Would this mean it's fried & needs to be replaced?
How would this affect the tone?
The ped works but maybe it's lost something with the bad resistor??

Cheers
Sean

Transmogrifox

The only way you could tell if there was actually something wrong with the resistor would be to de-solder it and test it.  If you're testing it on the board, your DMM is measuring the resistance between the two points in question--not only the 33k resistor. In fact, that 33k is in parallel with an inductor, which has a very small DC resistance compared to 33k, not 0, but small enough to read 0 on some cheap DMMs set to measure 33k. If that 33k resistor was actually a short circuit, your crybaby would not make any wah sound what-so-ever. Usually a "burned out" resistor is completely non-conductive.  The crybaby doesn't generate any currents that would damage a 33k resistor.  It's probably fine.
trans·mog·ri·fy
tr.v. trans·mog·ri·fied, trans·mog·ri·fy·ing, trans·mog·ri·fies To change into a different shape or form, especially one that is fantastic or bizarre.

petemoore

After about ten 500 pc rolls of resistors, I have found one bad 10k, but that was probably caused by something 'else' like super excessive heat or overly bent/pulled on leads.
 Sometimes resistors can be measured in circuit....just don't try it at home lol.
 To check in cct, any values higher than the color coded value on the Resistor, [or stated value there in schematic] can be considered wrong, any actual measured In Cct R values that come up lower than the stated resistors color code...the current is probably flowing throught the circtuit using an alternate path than through the resistor....each one must be looked at and analyzed 'in context' with it's circuit...
 I've misread color codes...but the resistors were allways within stated tolerances.
Convention creates following, following creates convention.

Ringwraith

Thanks guys!
I measured again & it was actually 11.5 so for
curiosities sake I pulled it out & measured again.
33k!  :lol:

Gotta love learning! hehe 8)

Cheers
Sean

R.G.

That resistor sits in parallel with the inductor, which is under 100 ohms DC resistance.

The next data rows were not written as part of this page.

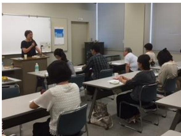
アサーション講座 in 徳島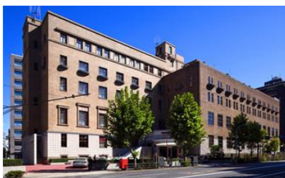
パーティ会場 学会会館

◆問い合わせ先 協会事務局（株）アイラム TEL03-5577-6764 メール；info@irham.co.jp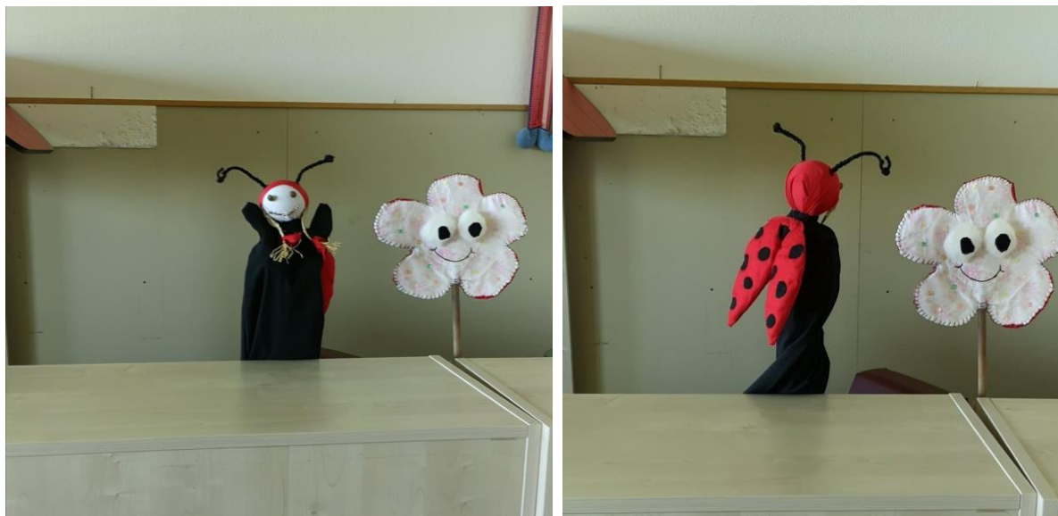
Slika 4. i 5. Bubamara Klara i cvjetić Kruno

BUBAMARA KLARA: Prvo te želim zagrliti jako, a onda možemo kući polako ( bubamara Klara i cvjetić Kruno se zagrlje i odlaze kući uz prepričavanje svih pustolovina koje su im se našle na putu. )

You were measuring the resistance of the inductor. You have to have one lead open to accurately measure a resistor.
R.G.

In response to the questions in the forum - PCB Layout for Musical Effects is available from The Book Patch. Search "PCB Layout" and it ought to appear.

aron

Where did I read "Measures capacitance without removing capacitor from the circuit" YEAH!!!!!!

Then in small print, "one lead must be removed for accurate measurement".

boo!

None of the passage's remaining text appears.